RECORDS SHOWN section start
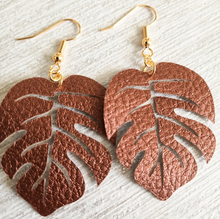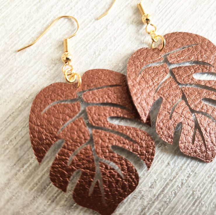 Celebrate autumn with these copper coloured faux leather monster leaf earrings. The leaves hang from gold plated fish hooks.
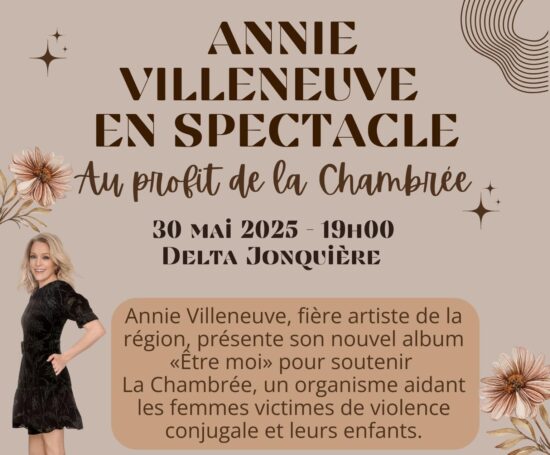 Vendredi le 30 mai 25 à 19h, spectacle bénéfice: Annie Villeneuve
RECORDS SHOWN section end
RECORDS SHOWN section start
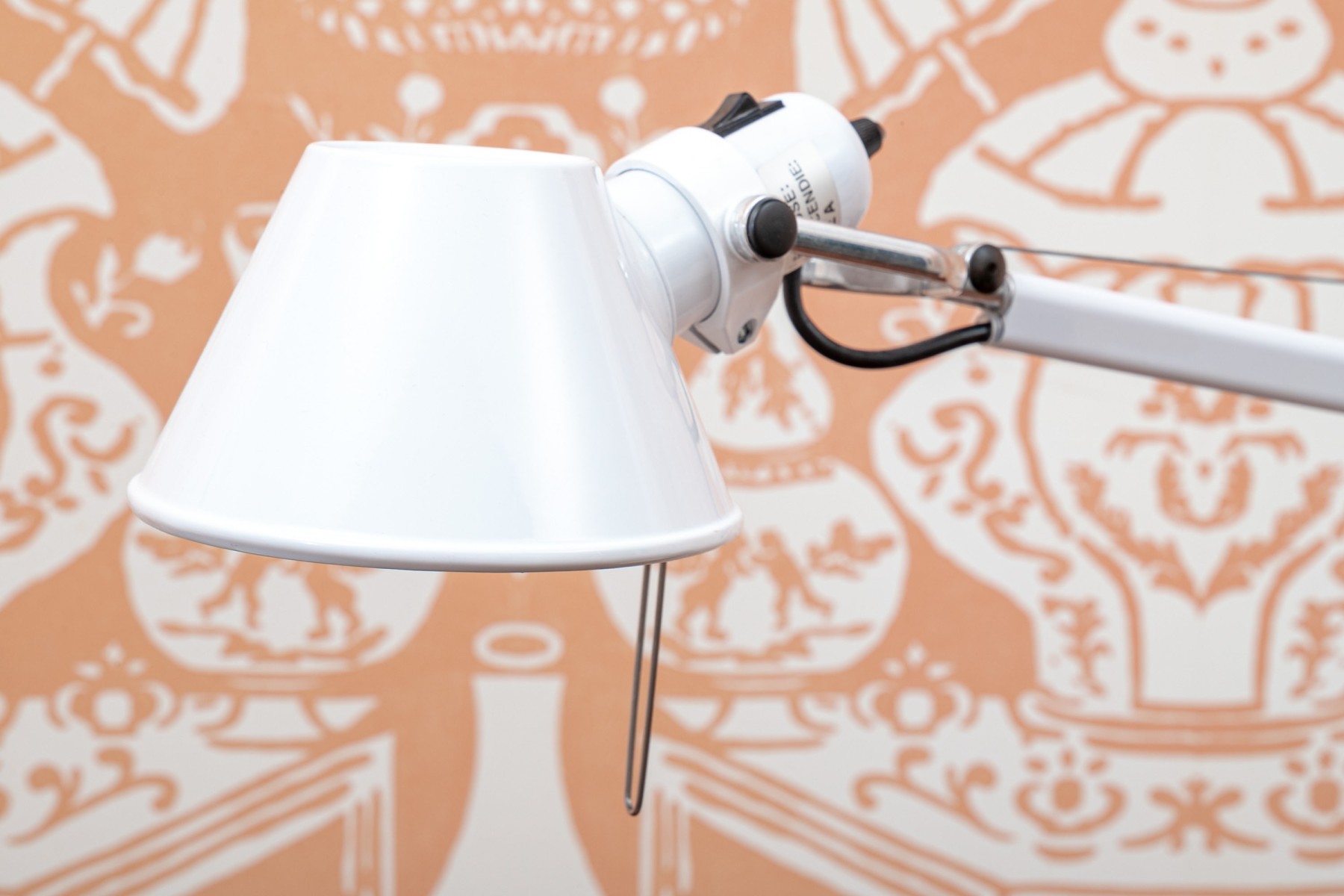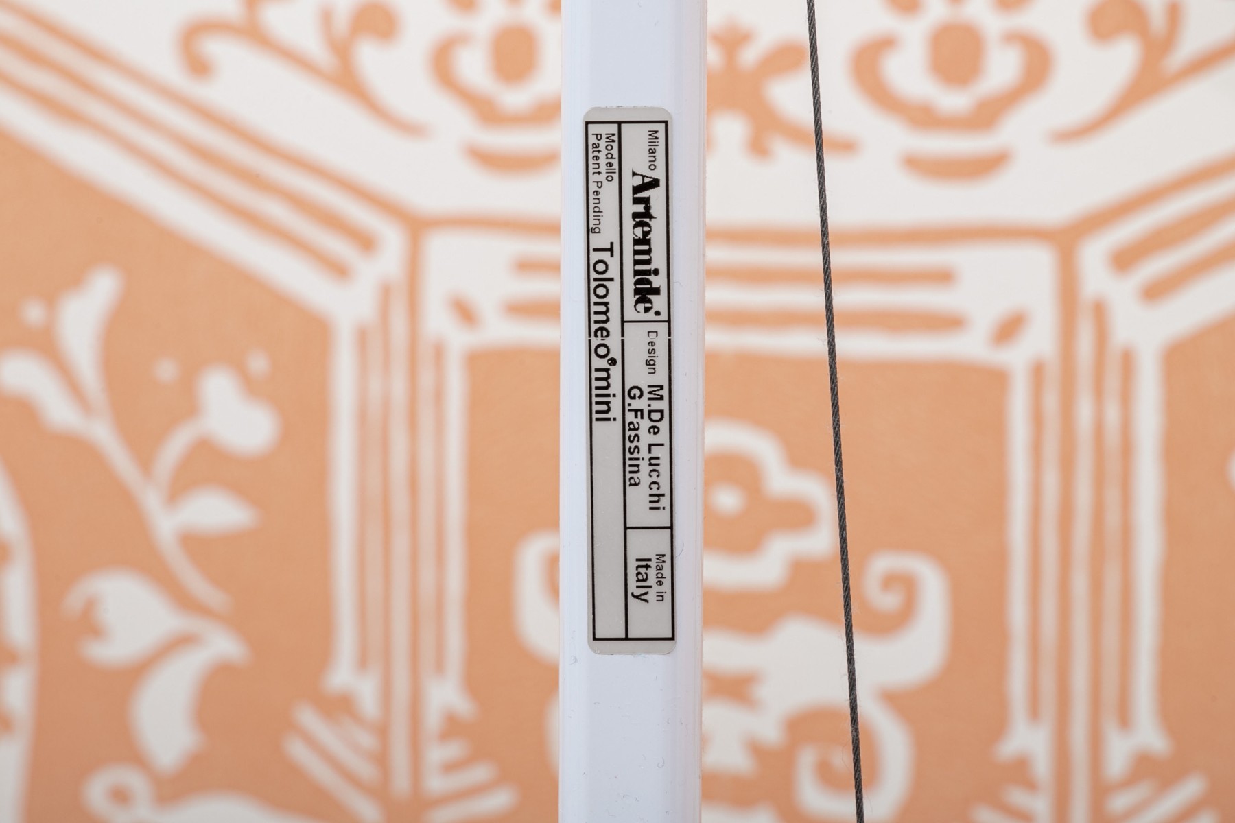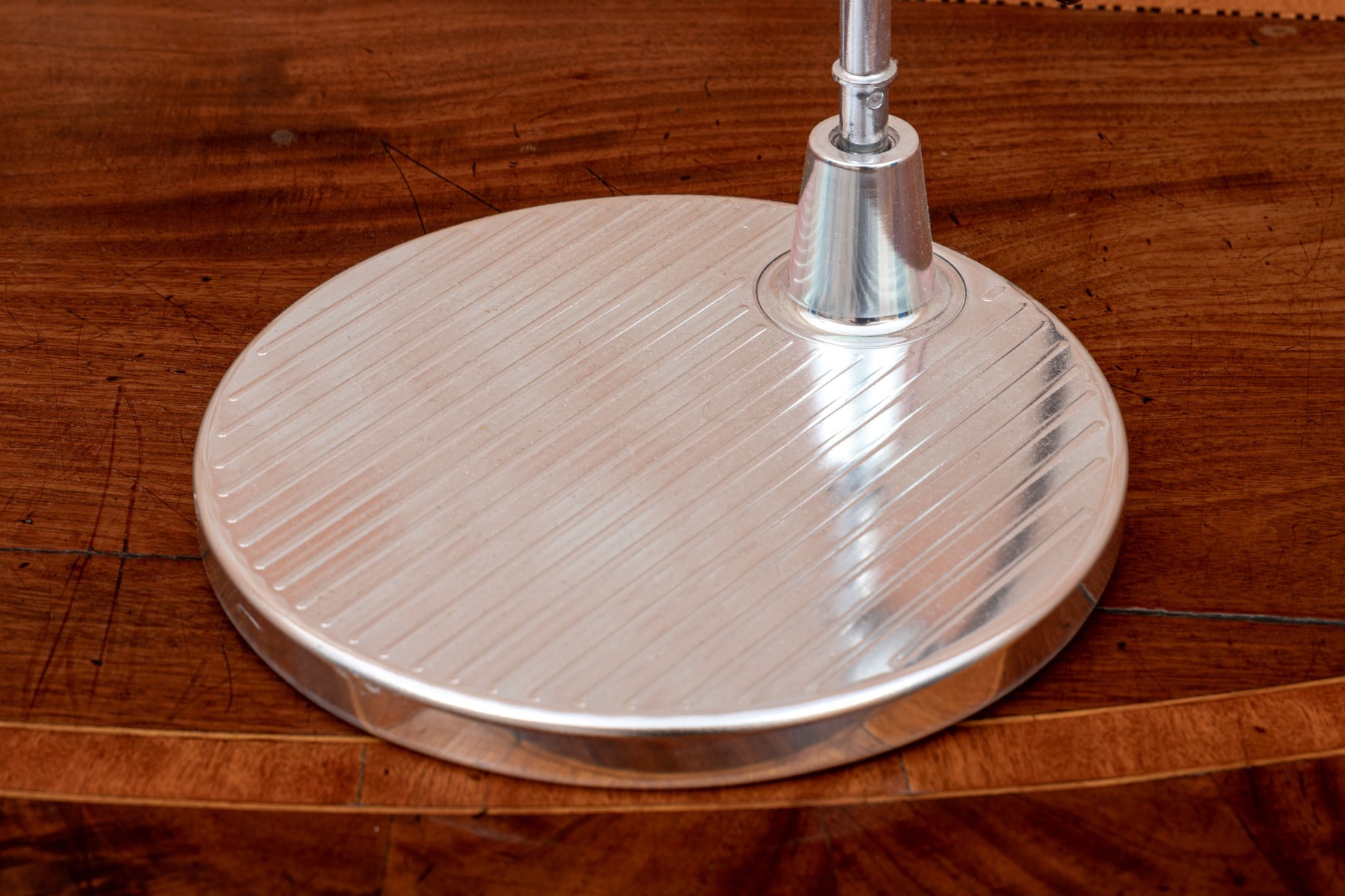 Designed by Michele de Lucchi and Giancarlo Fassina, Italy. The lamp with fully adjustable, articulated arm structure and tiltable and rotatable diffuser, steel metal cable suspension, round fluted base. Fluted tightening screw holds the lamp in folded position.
RECORDS SHOWN section end
● ASSIGNMENT
Line for line, output the entries above from the line with "Celebrate autumn with" to the line with "Vendredi le 30", both included, and nothing more. Skip pictures.

● SOLUTION TO THE PROBLEM
 Celebrate autumn with these copper coloured faux leather monster leaf earrings. The leaves hang from gold plated fish hooks.
 Vendredi le 30 mai 25 à 19h, spectacle bénéfice: Annie Villeneuve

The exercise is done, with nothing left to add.